Kristallisationskern: 70 Millionen Jahre Spiel
Eröffnet werden soll das Kindermuseum mit einer multimedial vernetzten
temporären Ausstellung „70 Millionen Jahre Spiel“, die zunächst
den insbesondere für Kinder zentralen Aspekt menschlichen Daseins
und Tuns fokussieren wird. Die Ausstellung soll später teilweise in
den fixen Museumsbestand übernommen werden. Sie soll aber auch als
Klon oder als Kopie an ähnlich konzipierte Museen wie etwa das Experimentarium
in Kopenhagen oder die Phaenomentas in Flensburg und Lüdenscheid weitergegeben,
verkauft oder gegen deren Sonderausstellungen eingetauscht werden können.
Der haptische Teil des Projektes besteht aus Räumlichkeiten, einem
Grünbereich und einem Netzwerk über die ganze Stadt. Es soll
Dauerinstallationen und Wechselausstellungen geben, und auch Hinweise,
wie man gefahrlos zum Museum kommt, und was sonst noch Attraktives auf
dem Weg liegt.
Die Installationen sollen natürlich allen ästhetischen Ansprüchen
genügen.
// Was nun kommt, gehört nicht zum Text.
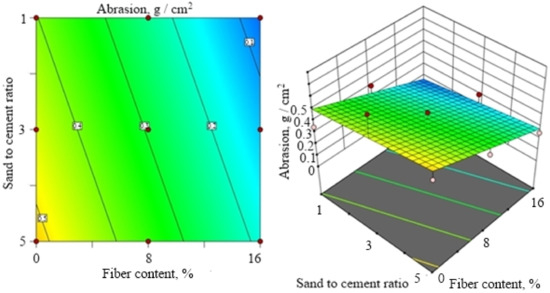 Figure 7. Abrasion response surface at water to cement ratio of 0.55.
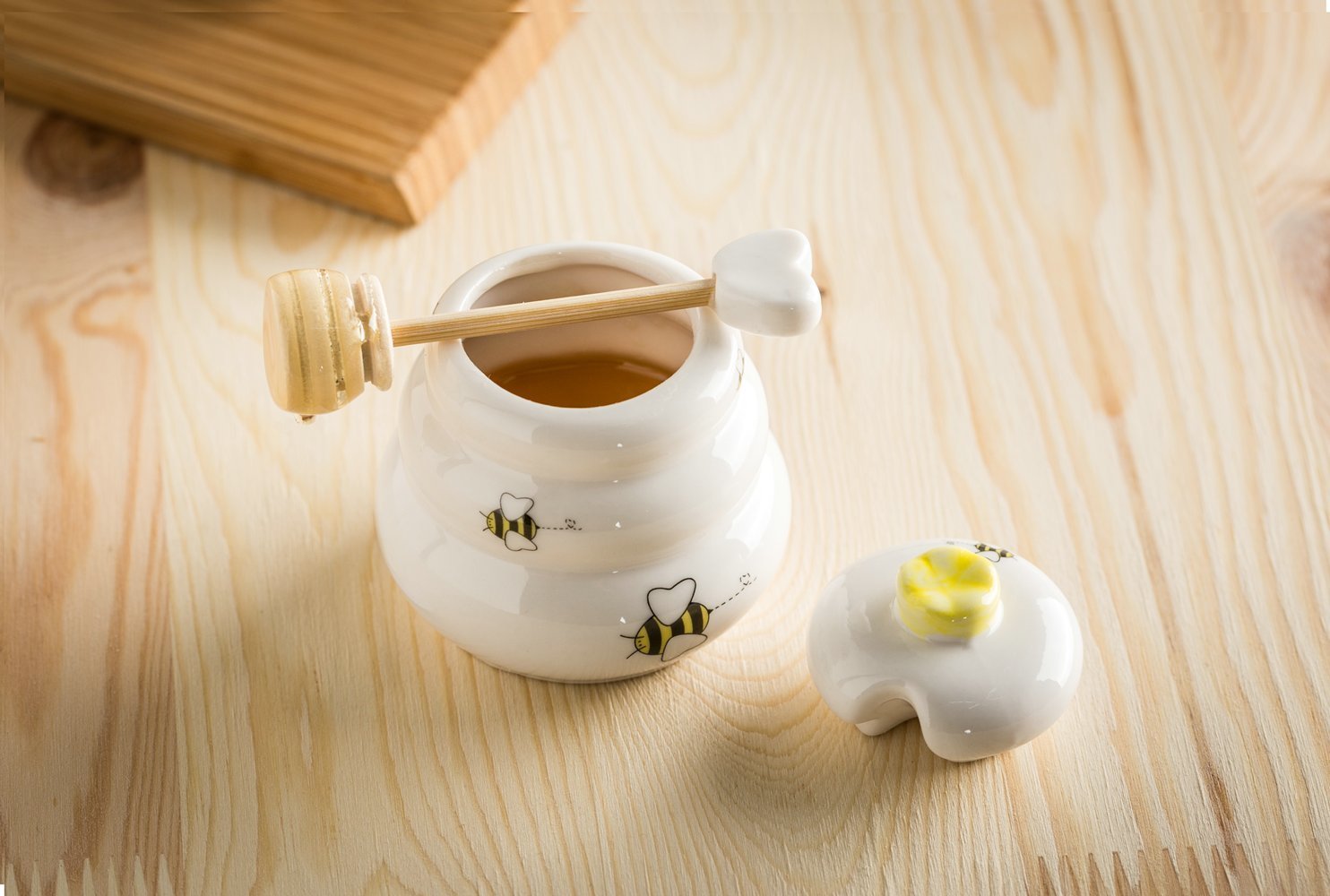 Skaisti keramikas medus pods komplektā ar koka mērci. Lieliska maza dāvana daudziem gadījumiem. Kā dāvana kāzām, dzimšanas dienas dāvana, Mātes dienas dāvana - mūsu unikālā mazā dāvana. Keramikas medus pods "Meant to Bee" ir garšīgi salds no iekšpuses un ārpuses, tāpēc tas lieliski papildinās jūsu svētkus! Dzeltenmelnās bitītes tuvina šo kāzu balto, bišu stropa formas medus podu — šī ir šarms un praktiskums. Vāciņā ir iecirtums, kur balta, pirkstgala izmēra, keramikas sirds, kas piestiprināta pie koka kausa, nodrošina vieglu piekļuvi zelta dārgumam, kurā iebērs jūsu viesi. Jauki mīļi! Funkcijas: - porcelāna medus pods - brīnišķīgs pods caurspīdīgā dāvanu kastītē ar krāšņu pasteļpurpursarkanu, rozā un zilu ziedu dārzu apakšā - izcelts ar sajūsmotu bišu pāris starp vārdiem "Domāts bitei" un "Medus pods ar Lācis." - balta organzas lente un bantīte, kā arī zieda formas birka "Jums" padara šo labvēlību par skatu uz bišu turēšanu - podiņa izmērs: 7,62 x 6,98 cm - materiāls: skaista gluda keramika
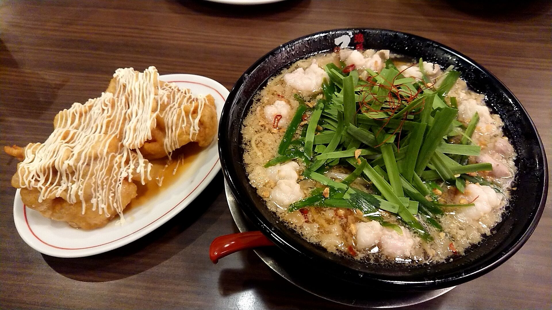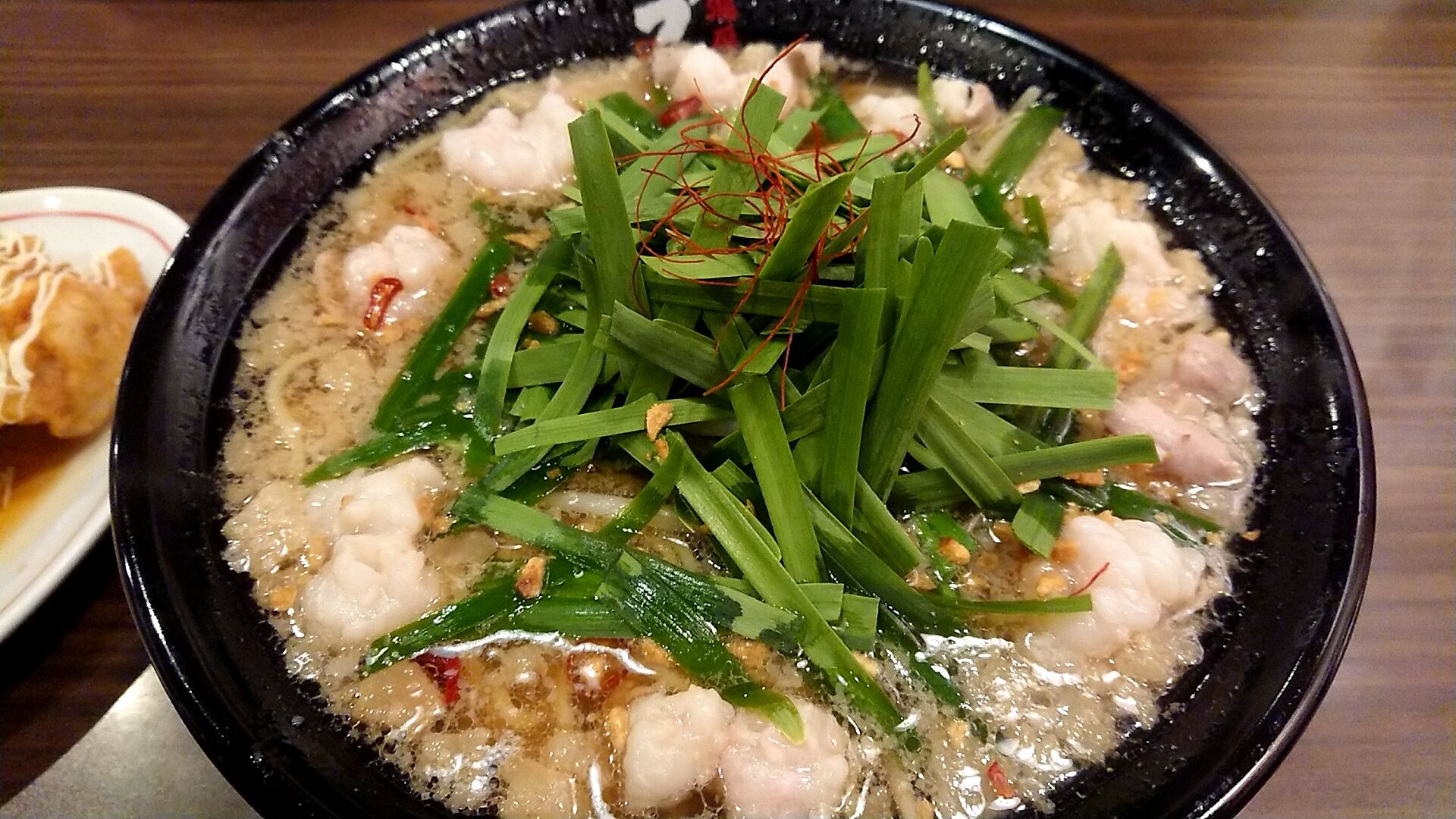 来ました!もつニラそば!!

Der alles entscheidende Unterschied zu herkömmlichen
Museen ist der: Nicht wie sonst bilden Sammlungen den Ausgangspunkt, das
Interesse der Menschheit dafür zu wecken, sondern zentraler Ausgangspunkt
ist die kindliche Neugier, von der die Gestaltungsüberlegungen ausgehen.
Klar, dass da Kinder frühzeitig in die Gestaltung eingebunden werden
und die ersten Härtetests durchführen dürfen.
70 Millionen Jahre Spiel wird jede Bedeutung von Spiel umfassen: Kinder-
und Erwachsenenspiele, Glücks- und Geschicklichkeitsspiele, alte und
neue, vergessene und aktuelle Spiele, Spiele im Freien und in geschlossenen
Räumen, Spiele aus aller Welt, Sport und Kultus, Theater in allen
Variationen, Musik und Tanz, alte und neue Medien, Theorie und Spielpraxis.
Schließlich soll die Ausstellung selbst ein Spiel sein mit allen
Möglichkeiten des sich Erinnerns und Sammelns, dem Ausprobieren von
Spielvarianten und dem Entwickeln neuer Spiele mit den dafür erforderlichen
Hilfen.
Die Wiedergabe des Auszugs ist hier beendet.